Facebook recently rolled out its entry in the World’s Biggest Chatbot sweepstakes. In keeping with the company’s social-networking dominance, the bot is designed to excel at chitchat on any subject.

What’s new: Led by Stephen Roller, Facebook researchers built Generative BST, a transformer-based model comprising up to 9.4 billion parameters. They trained the bot on their own BlendedSkillTalk dataset of 5,000 conversations among 2,500 people who were instructed to be knowledgeable, empathetic, and generous with personal details.

Key insight: The keys to small talk are personality, knowledge, empathy, and balancing response length (too short shows lack of interest, too long betrays poor listening). BlendedSkillTalk is designed to teach the first three traits. Finding the right response length is a matter of generation strategy.
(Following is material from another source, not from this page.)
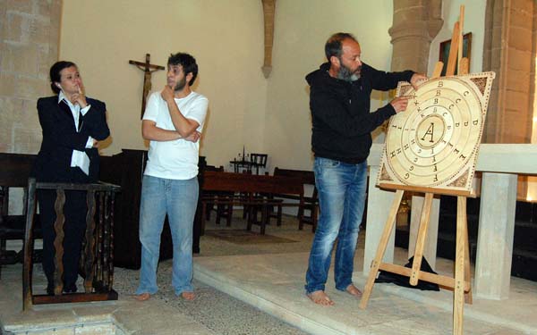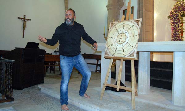 Però en Miró i el seu grup no s’hi posen per poc, i en devers un quart d’hora ens regalen una aproximació a l’Ars magna lul·liana i la seva “màquina”, un enginy que combina teories, subjectes i predicats teològics i am el qual volia demostrar la veritat cristiana de manera prou diàfana perquè inclús els musulmans més fanàtics poguessin entendre-la i acceptar-la.

How it works: Many chatbots generate a set of potential responses and score the best one in a technique known as retrieval. In contrast, generative language models create responses one token at a time, often producing dull or repetitive output. Generative BST combines these approaches in a method called retrieve and refine.
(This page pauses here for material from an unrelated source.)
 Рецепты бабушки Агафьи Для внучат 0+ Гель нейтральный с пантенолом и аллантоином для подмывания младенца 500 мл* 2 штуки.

  • The retriever network reads human dialogue turn by turn and learns to choose actual responses from responses sampled at random. The generator learns to re-create actual responses based on earlier turns.
  • The retriever predicts minimum response lengths to ensure that they’re conversationally appropriate and discourage repetitive output.
  • The generator uses beam search to generate a variety of related responses. It creates a set of initial tokens and then adds tokens one at a time based on the context generated so far.
  • At inference, Generative BST selects the most likely candidate based on the conversation to that point.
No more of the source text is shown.